Partition and Sample

Article
05/06/2019

Important

Support for Machine Learning Studio (classic) will end on 31 August 2024. We recommend you transition to Azure Machine Learning by that date.

Beginning 1 December 2021, you will not be able to create new Machine Learning Studio (classic) resources. Through 31 August 2024, you can continue to use the existing Machine Learning Studio (classic) resources.

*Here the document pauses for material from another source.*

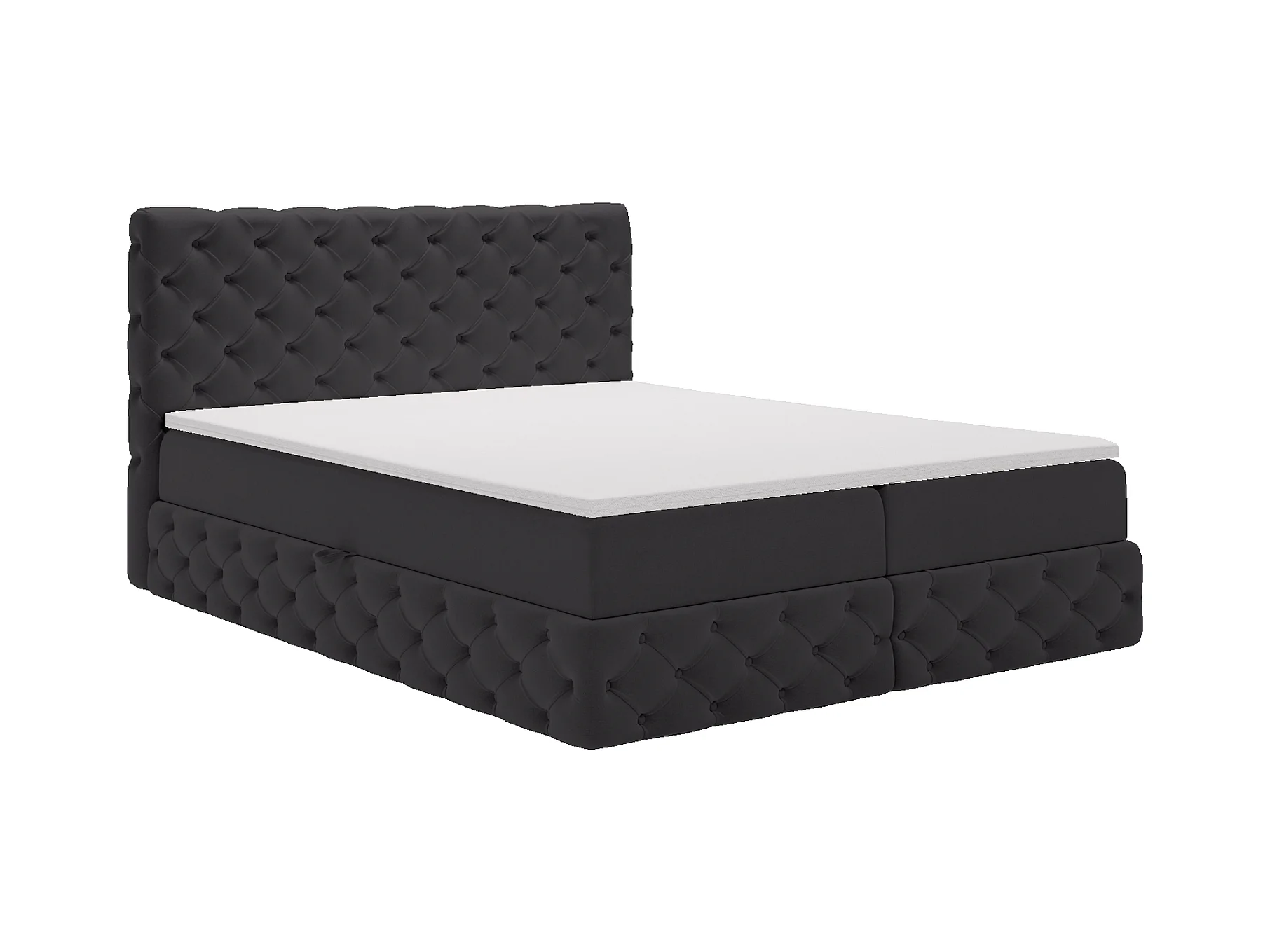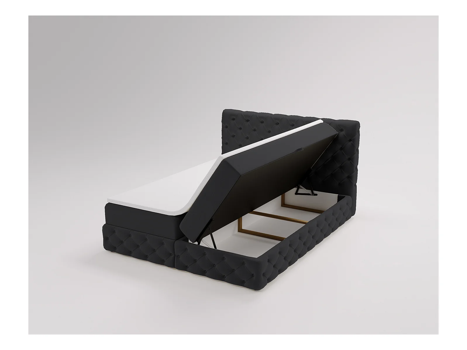 Gestoffeerd bed met matras 160x200 Royal - bed 160x200 met opbergruimte, topper, zwart (Royal Velvet 22)

See information on moving machine learning projects from ML Studio (classic) to Azure Machine Learning.
Learn more about Azure Machine Learning.

ML Studio (classic) documentation is being retired and may not be updated in the future.

Creates multiple partitions of a dataset based on sampling

Category: Data Transformation / Sample and Split

Note

Applies to: Machine Learning Studio (classic) only

Similar drag-and-drop modules are available in Azure Machine Learning designer.

Module overview

This article describes how to use the Partition and Sample module in Machine Learning Studio (classic), to perform sampling on a dataset or to create partitions from your dataset.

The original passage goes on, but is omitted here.